- Task brief: Copy out each line of the material exactly. Pictures do not belong in the copy.

- Data extract:
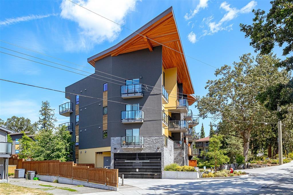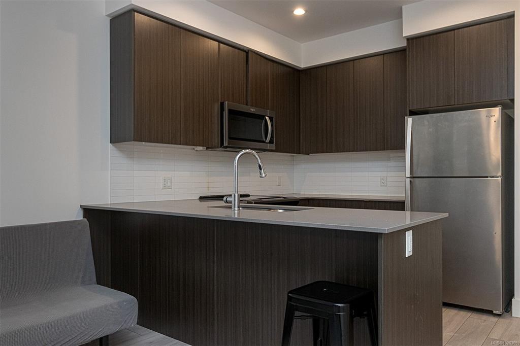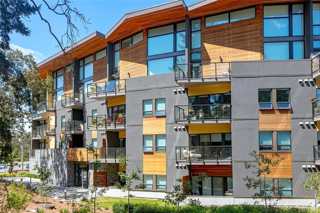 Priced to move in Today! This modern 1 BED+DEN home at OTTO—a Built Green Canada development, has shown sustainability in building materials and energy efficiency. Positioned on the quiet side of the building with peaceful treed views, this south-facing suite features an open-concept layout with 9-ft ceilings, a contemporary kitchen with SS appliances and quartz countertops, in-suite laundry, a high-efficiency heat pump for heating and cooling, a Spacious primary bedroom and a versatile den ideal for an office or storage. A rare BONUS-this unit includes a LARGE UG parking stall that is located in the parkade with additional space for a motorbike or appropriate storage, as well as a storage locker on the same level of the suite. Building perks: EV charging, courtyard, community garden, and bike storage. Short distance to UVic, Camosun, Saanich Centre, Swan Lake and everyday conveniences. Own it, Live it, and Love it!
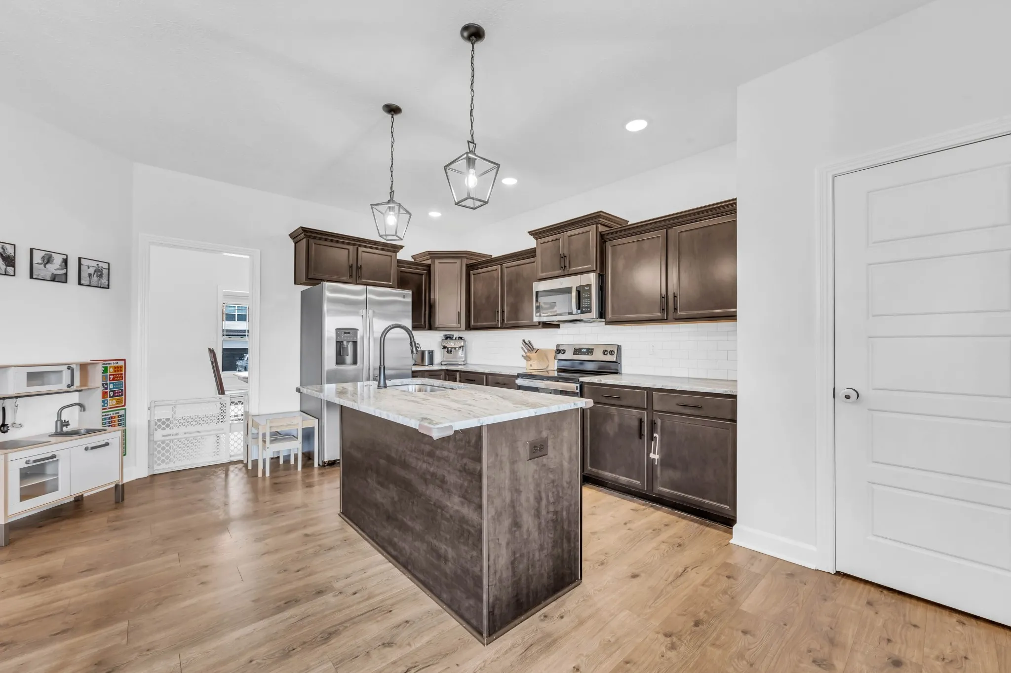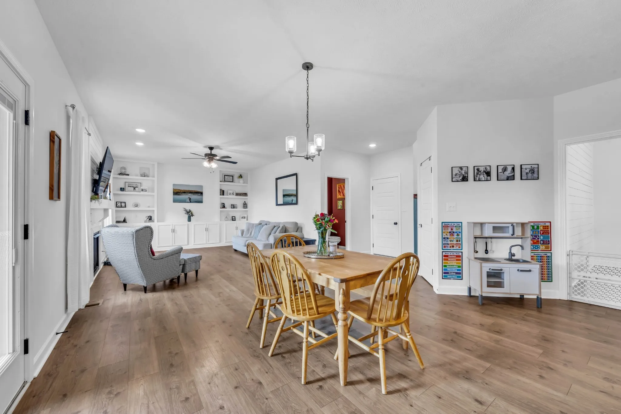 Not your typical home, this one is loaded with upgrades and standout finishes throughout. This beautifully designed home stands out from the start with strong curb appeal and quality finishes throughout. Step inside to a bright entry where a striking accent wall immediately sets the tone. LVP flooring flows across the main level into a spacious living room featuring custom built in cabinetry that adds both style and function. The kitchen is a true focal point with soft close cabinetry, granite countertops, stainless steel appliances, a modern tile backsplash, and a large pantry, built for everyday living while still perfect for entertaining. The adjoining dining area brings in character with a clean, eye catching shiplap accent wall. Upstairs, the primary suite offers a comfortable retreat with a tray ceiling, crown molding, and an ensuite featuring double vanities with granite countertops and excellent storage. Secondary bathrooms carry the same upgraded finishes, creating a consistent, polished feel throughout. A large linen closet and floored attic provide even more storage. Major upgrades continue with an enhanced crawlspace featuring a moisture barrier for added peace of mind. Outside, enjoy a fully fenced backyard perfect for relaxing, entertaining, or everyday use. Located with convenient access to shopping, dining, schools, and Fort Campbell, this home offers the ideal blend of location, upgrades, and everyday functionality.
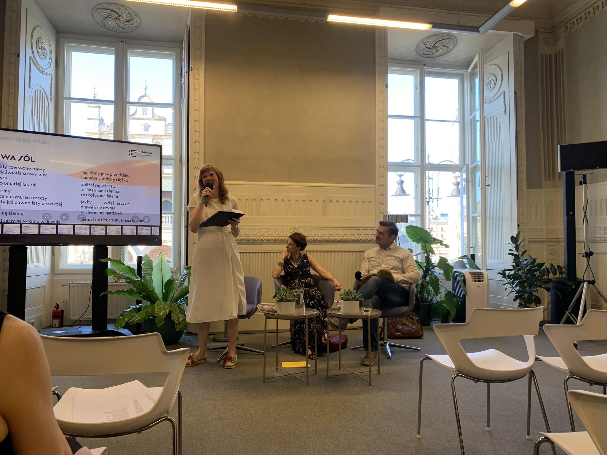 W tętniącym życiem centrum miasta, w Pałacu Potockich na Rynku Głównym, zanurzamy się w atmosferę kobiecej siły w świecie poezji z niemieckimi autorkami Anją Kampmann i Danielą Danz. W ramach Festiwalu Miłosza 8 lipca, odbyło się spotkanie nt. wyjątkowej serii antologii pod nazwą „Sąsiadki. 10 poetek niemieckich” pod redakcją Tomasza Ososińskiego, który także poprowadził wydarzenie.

- Answer for the task:
 Priced to move in Today! This modern 1 BED+DEN home at OTTO—a Built Green Canada development, has shown sustainability in building materials and energy efficiency. Positioned on the quiet side of the building with peaceful treed views, this south-facing suite features an open-concept layout with 9-ft ceilings, a contemporary kitchen with SS appliances and quartz countertops, in-suite laundry, a high-efficiency heat pump for heating and cooling, a Spacious primary bedroom and a versatile den ideal for an office or storage. A rare BONUS-this unit includes a LARGE UG parking stall that is located in the parkade with additional space for a motorbike or appropriate storage, as well as a storage locker on the same level of the suite. Building perks: EV charging, courtyard, community garden, and bike storage. Short distance to UVic, Camosun, Saanich Centre, Swan Lake and everyday conveniences. Own it, Live it, and Love it!
 Not your typical home, this one is loaded with upgrades and standout finishes throughout. This beautifully designed home stands out from the start with strong curb appeal and quality finishes throughout. Step inside to a bright entry where a striking accent wall immediately sets the tone. LVP flooring flows across the main level into a spacious living room featuring custom built in cabinetry that adds both style and function. The kitchen is a true focal point with soft close cabinetry, granite countertops, stainless steel appliances, a modern tile backsplash, and a large pantry, built for everyday living while still perfect for entertaining. The adjoining dining area brings in character with a clean, eye catching shiplap accent wall. Upstairs, the primary suite offers a comfortable retreat with a tray ceiling, crown molding, and an ensuite featuring double vanities with granite countertops and excellent storage. Secondary bathrooms carry the same upgraded finishes, creating a consistent, polished feel throughout. A large linen closet and floored attic provide even more storage. Major upgrades continue with an enhanced crawlspace featuring a moisture barrier for added peace of mind. Outside, enjoy a fully fenced backyard perfect for relaxing, entertaining, or everyday use. Located with convenient access to shopping, dining, schools, and Fort Campbell, this home offers the ideal blend of location, upgrades, and everyday functionality.
 W tętniącym życiem centrum miasta, w Pałacu Potockich na Rynku Głównym, zanurzamy się w atmosferę kobiecej siły w świecie poezji z niemieckimi autorkami Anją Kampmann i Danielą Danz. W ramach Festiwalu Miłosza 8 lipca, odbyło się spotkanie nt. wyjątkowej serii antologii pod nazwą „Sąsiadki. 10 poetek niemieckich” pod redakcją Tomasza Ososińskiego, który także poprowadził wydarzenie.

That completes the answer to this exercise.